-------- Provided material --------

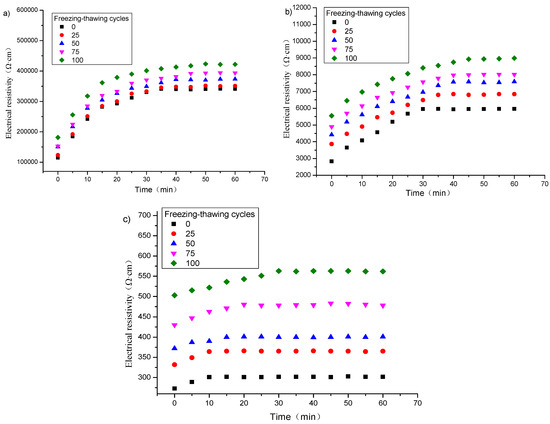 Figure 2 shows the change of electrical resistivity with time of specimens with graphene content of 1, 2 and 3% after different freeze–thaw cycles. It can be seen from Figure 2, that for the specimens with the same graphene content, the number of freeze–thaw cycles has little effect on the shape of the resistivity-time curve. Furthermore, the initial resistivity and the stable resistivity gradually increase with the increase of the number of freeze–thaw cycles.
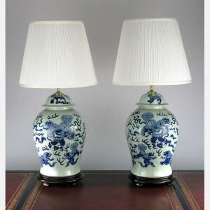 3032 – Pair of Chinese Blue and White Porcelain Vases, Wired as Lamps
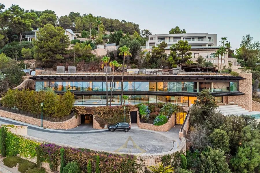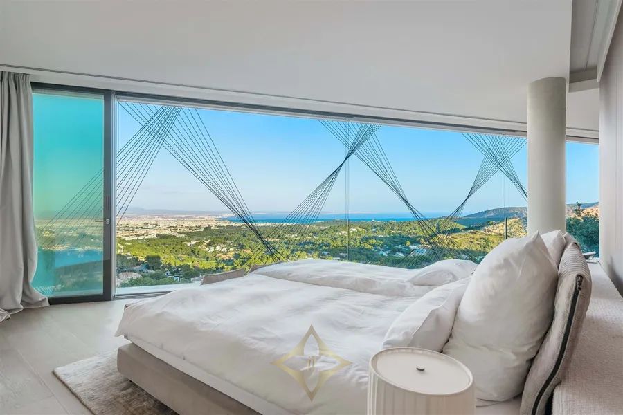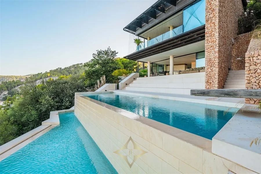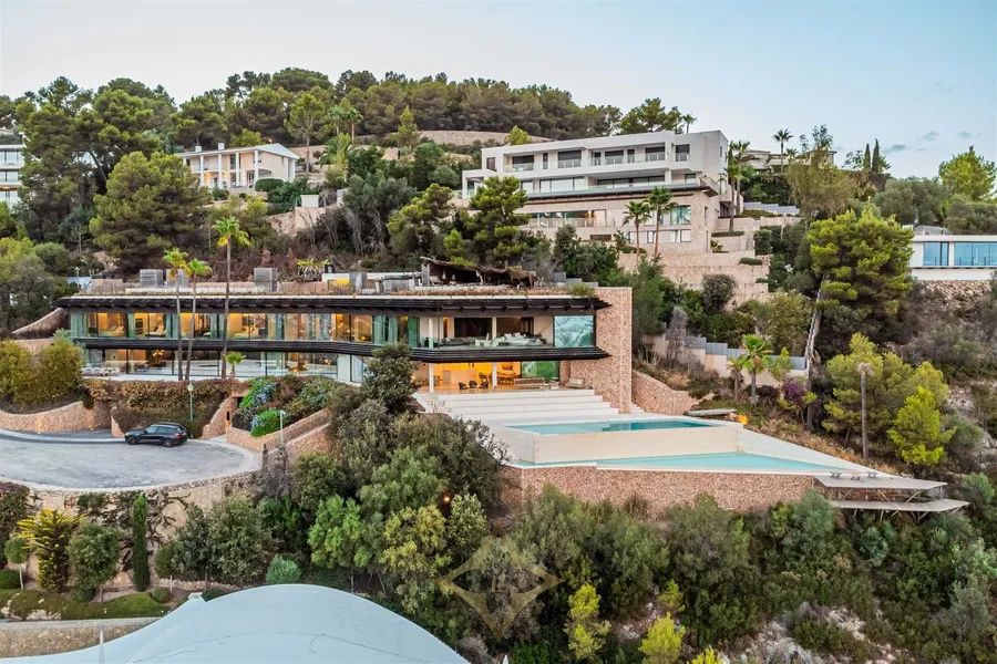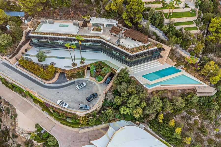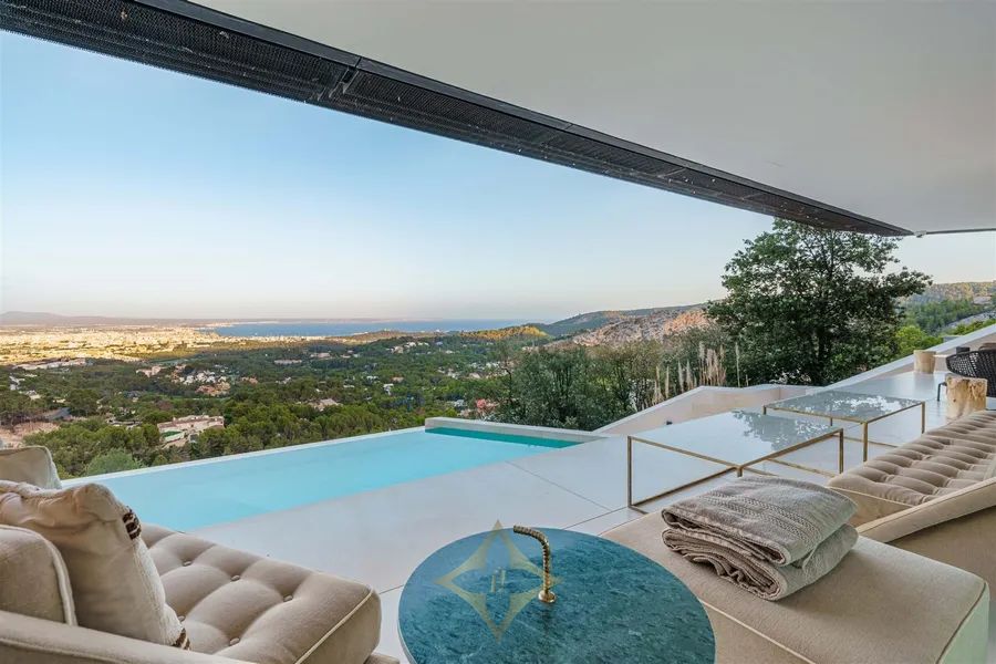 Introducing Villa Solitaire. Nestled atop the exclusive hill of Son Vida, in what is often referred to as the Beverly Hills of Mallorca, stands a luxurious villa that epitomizes opulence and architectural brilliance. This masterpiece, meticulously designed by the renowned architect Matteo Thun, commands the most coveted position in this exclusive residential haven. Elevated on the pinnacle of Son Vida, this property ensures the utmost privacy, allowing you to bask in the lap of luxury without disturbance. With its southern orientation, the villa enjoys an uninterrupted embrace of the sun’s warmth from dawn to dusk, creating a perpetual ambiance of comfort and tranquility. Enveloped by vast expanses of glass fronts, the villa’s grandeur extends beyond its walls. Feast your eyes on an awe-inspiring panorama that sweeps over the sparkling waters of the Palma bay. You’ll find yourself captivated by the natural beauty that graces this unparalleled residence. Step inside this sprawling villa, where indulgence knows no bounds. With a total of seven spacious bedrooms, each an oasis of comfort and style, this haven ensures that both residents and guests find solace in luxury. Discover not just one, but two lavish pool areas that beckon you to unwind and refresh in absolute seclusion. The sprawling terrace, spanning approximately 2000m², presents an alfresco haven where you can enjoy in the Mediterranean breeze and the gentle kiss of the sun. Spanning across four meticulously crafted floors, this villa is a testament to thoughtful design and unmatched elegance. The ground floor boasts a spacious living area, an inviting dining space, and not one, but two fully equipped kitchens—a culinary aficionado’s dream. A wine cellar and bar await, promising evenings of fine sips and delightful conversations. Ascending to the first floor reveals a sanctuary of tranquility. Impeccably appointed bedroom suites and their accompanying en-suite bathrooms offer respite in the lap of luxury, ensuring that every moment spent here is one of sheer indulgence. Venture to the basement, where a world of wellness and relaxation awaits. Immerse yourself in a realm of serenity as you explore a zen garden, a fully-equipped gym, a rejuvenating sauna, a steam bath, and a lavish massage room. And for those seeking refuge, a separate staff wing with two bedrooms ensures that every need is met. For the connoisseur of automotive elegance, a sprawling garage accommodating up to 7 vehicles stands ready to house your prized collection. And as the crowning jewel, the rooftop terrace invites you to experience cinematic enchantment beneath the stars. An open-air, tulum inspired cinema sets the stage for unforgettable evenings, while a bubbling jacuzzi invites you to soak away your cares in the lap of luxury. Indulge in a lifestyle beyond compare, where every facet of luxury living is brought to life in this exceptional villa atop Son Vida. A creation of architectural brilliance, a haven of relaxation, and an embodiment of elegance, this residence stands as a testament to your discerning taste and uncompromising standards. Welcome to a life where opulence knows no bounds.
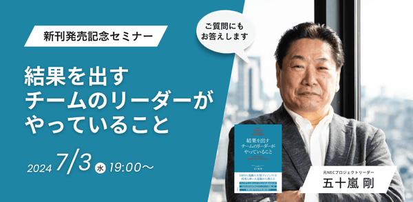 社長賞を4度も受賞した元NECプロジェクトリーダー・五十嵐剛氏新刊『結果を出すチームのリーダーがやっていること』発売記念【無料オンラインイベント】7月3日(水)19時より開催!

--------

Retype exactly. Include each line from the start of the material through the line holding "3032 – Pair", and leave the pictures out.

__Finished exercise__:
 Figure 2 shows the change of electrical resistivity with time of specimens with graphene content of 1, 2 and 3% after different freeze–thaw cycles. It can be seen from Figure 2, that for the specimens with the same graphene content, the number of freeze–thaw cycles has little effect on the shape of the resistivity-time curve. Furthermore, the initial resistivity and the stable resistivity gradually increase with the increase of the number of freeze–thaw cycles.
 3032 – Pair of Chinese Blue and White Porcelain Vases, Wired as Lamps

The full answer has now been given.